# Mac qui démarre plus : Ce n'est pas la pile !



## ibanezmac (18 Mars 2005)

....alors c'est quoi ? 
A la suite d'une nuit de repos, mon PM fait ecran noir a l'allumage...
Ya le gong, mais ca fait plus rien d'autre.
Pour que ca marche je dois appuyer sur le ptit bouton a coté de la pile, pour reinitaliser la carte mère.
Quel est le probleme ?


----------



## Modern__Thing (18 Mars 2005)

probablement mal eteint ou coupe par une pane de courant si tu as du reinitialiser le PMU


----------



## ntx (18 Mars 2005)

ibanezmac a dit:
			
		

> Quel est le probleme ?


Bonjour,
si c'est un G4 Quicksilver, c'est un bug de la carte mere bien connu. Cela m'arrive regulierement dpeuis quelques temps. Il faut eviter les arrets impromptus genre panne EDF.


----------



## ibanezmac (19 Mars 2005)

Modern__Thing a dit:
			
		

> probablement mal eteint ou coupe par une pane de courant si tu as du reinitialiser le PMU



'soir !

Justement non...Quand ca a commencé a merder, c'etait sur un retour de veille profonde...KP puis impossible a redémarrer sauf en reinitalisant la CM.


----------



## ibanezmac (19 Mars 2005)

ntx a dit:
			
		

> Bonjour,
> si c'est un G4 Quicksilver, c'est un bug de la carte mere bien connu. Cela m'arrive regulierement dpeuis quelques temps. Il faut eviter les arrets impromptus genre panne EDF.

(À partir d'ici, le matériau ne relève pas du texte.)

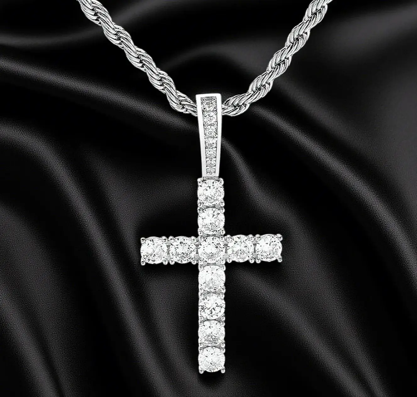 TOPGRILLZ Hot Sale Moissanite Cross Pendant 3mm 4mm 925 Sterling Si...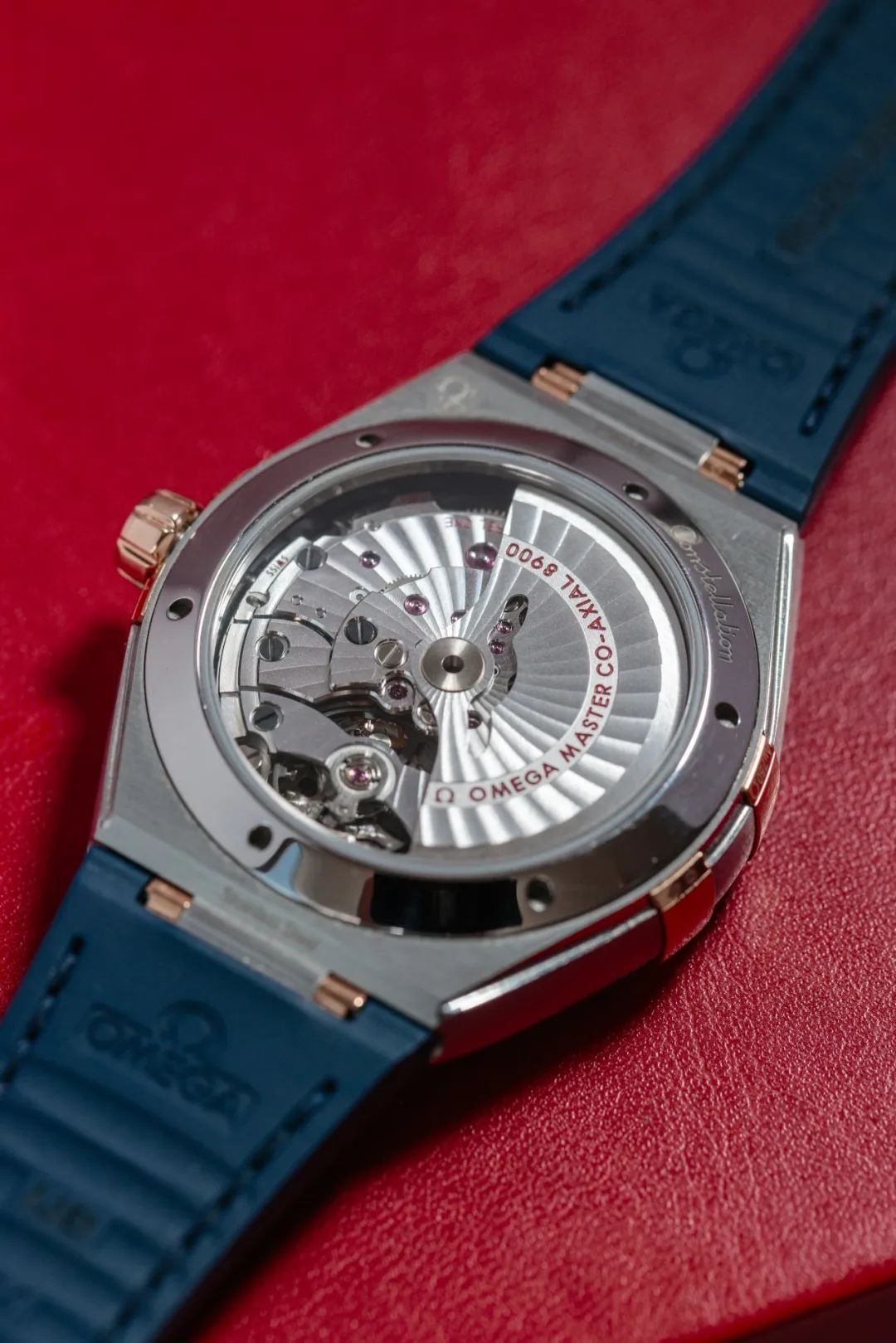 通过背透设计,可以看到手表内部的欧米茄8900**天文台机芯,各种精美打磨润饰一丝不苟。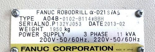 | title | Fanuc Robodrill ALPHA-D21SIA5 Drilling & Tapping Centers |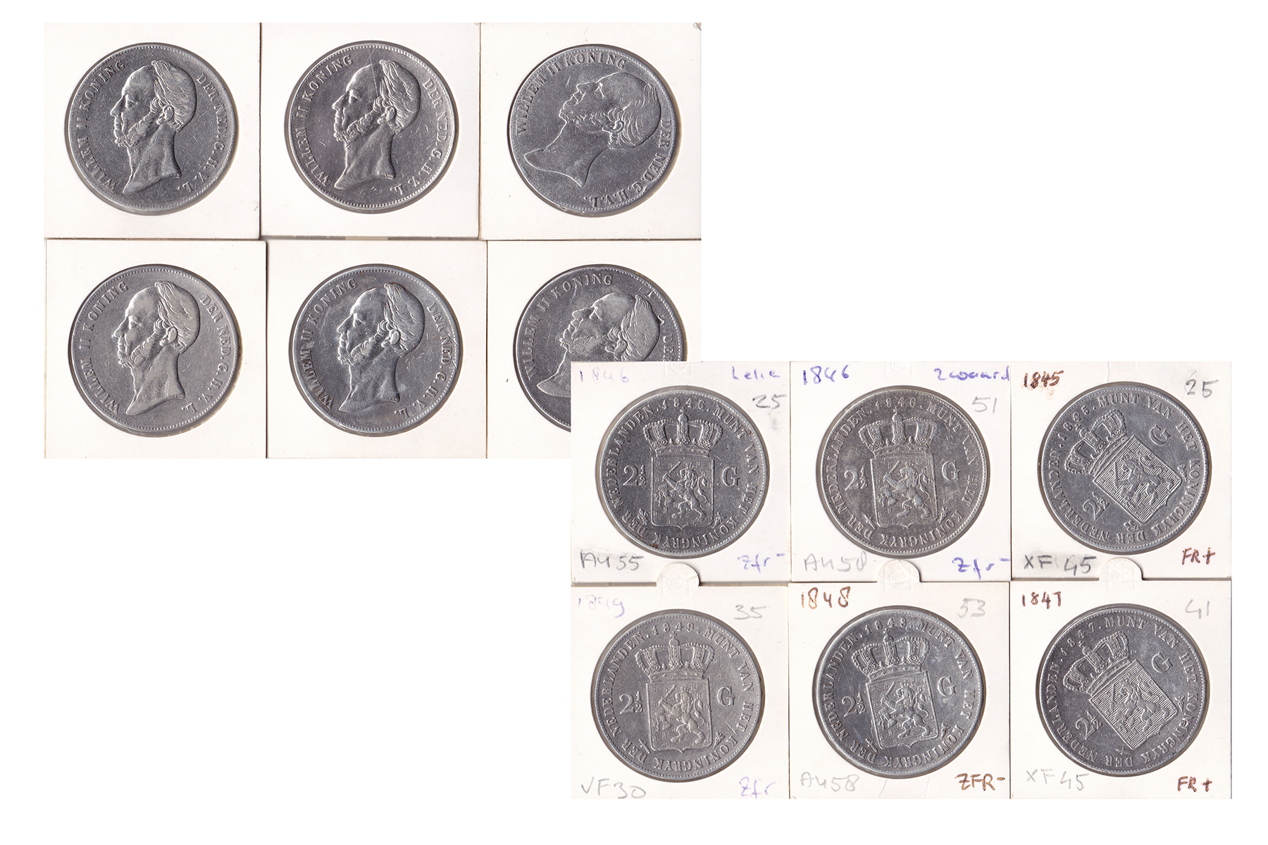 Blikje met 6 rijksdaalders Willem II (1845 t/m 1849). Gemiddeld ruim fraai.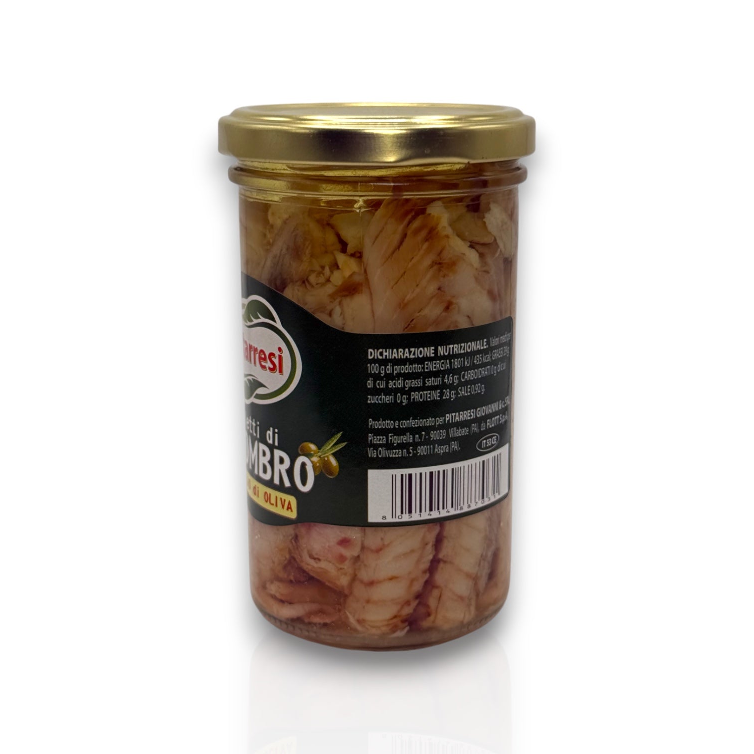 I nostri filetti di sgombro Siciliani sono selezionati con attenzione, lavorati a mano e conservati in pregiato olio d’oliva per esaltarne il sapore naturale e mantenerne la morbidezza. Un prodotto genuino e ricco di gusto, ideale per chi ama il sapore autentico del mare.
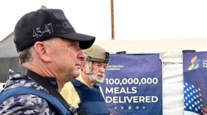 ونشر مايك هاكابي السفير الأمريكي لدى إسرائيل، الذي رافق ويتكوف إلى قطاع غزة اليوم، على إكس صورة تظهر سكان غزة الجائعين خلف أسلاك شائكة مع ملصق لمؤسسة غزة الإنسانية مع علم أمريكي كبير كتب عليه “تم تسليم 100 مليون وجبة”.

Ben non..c'est un Dual G4 DIGITAL AUDIO.
Accéléré avec une carte GIGADESIGN dual 1.333 Ghz.
C'est une panne ou un bug ?


----------



## Modern__Thing (19 Mars 2005)

ibanezmac a dit:
			
		

> 'soir !
> 
> Justement non...Quand ca a commencé a merder, c'etait sur un retour de veille profonde...KP puis impossible a redémarrer sauf en reinitalisant la CM.


 Justement encore plus  Tout ce qui est veille etc est géré par le PMU...


----------



## ibanezmac (19 Mars 2005)

Modern__Thing a dit:
			
		

> Justement encore plus  Tout ce qui est veille etc est géré par le PMU...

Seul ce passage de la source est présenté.